I work on the principle of when it looks even without lacquer it will be even when it has been lacquered.
It is not really a question of number of coats more of technique and distribution.
Once you have laid a coat or two to get the feel and look of it, with basecoat you can fade in or out by moving faster or slower over patches that appear uneven or turning the gun down and spraying less paint without having to apply a coat over the whole panel. Just puff it on.
It is not something you can do with solid colour in the same way. That is what I mean by dusting and not applying too wet. It is like dusting the the paint on until it is even.
Not unlike as you would fade one panel into another. If you spray wet and just stop halfway along a panel you might as well not have bothered. Whereas if you start and then move faster or pull away away and then stop you will not apply as much paint and the colours above and below can blend/merge and not draw the eye.


----------



## Ford8loke (Jan 11, 2016)

As mentioned in the other replies you need to finish with a "drop coat" to create an even tone and to allow the metallic flake to sit correctly. 

To apply a drop coat half the pressure your running through your gun and increase the distance from the panel.

You should be able to physically see the paint/flake drop onto the panel hence the term "drop coat".


----------



## Bluenose123 (Oct 17, 2016)

So build up light coats then. 
Would you recommend shaking the spray gun every few passes so that the metallic flakes don't sink to the bottom of the spray gun cup?


----------



## Ford8loke (Jan 11, 2016)

Bluenose123 said:


> So build up light coats then.
> Would you recommend shaking the spray gun every few passes so that the metallic flakes don't sink to the bottom of the spray gun cup?

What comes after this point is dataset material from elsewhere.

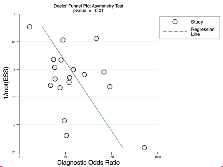 Publication bias was assessed using a funnel plot and Egger’s and Deek’s tests. P < .05 was indicative of publication bias. STATA version 14.2 (StataCorp.; TX, USA) was used for analyses.

It's not something I've ever done. I'd concentrate more on the application method and stick to the guidance above.

Btw silver is probably the hardest colour to paint with regarding patchyness and colour matching.


----------



## JCoxy (Dec 21, 2011)

The flakes won't all settle to the bottom that quickly. Yes that after a few days you look in the paint tin and it's all sludge at the bottom and thinner at the top


----------



## Bluenose123 (Oct 17, 2016)

Thanks for the replys people, hopefully it goes right this time haha


----------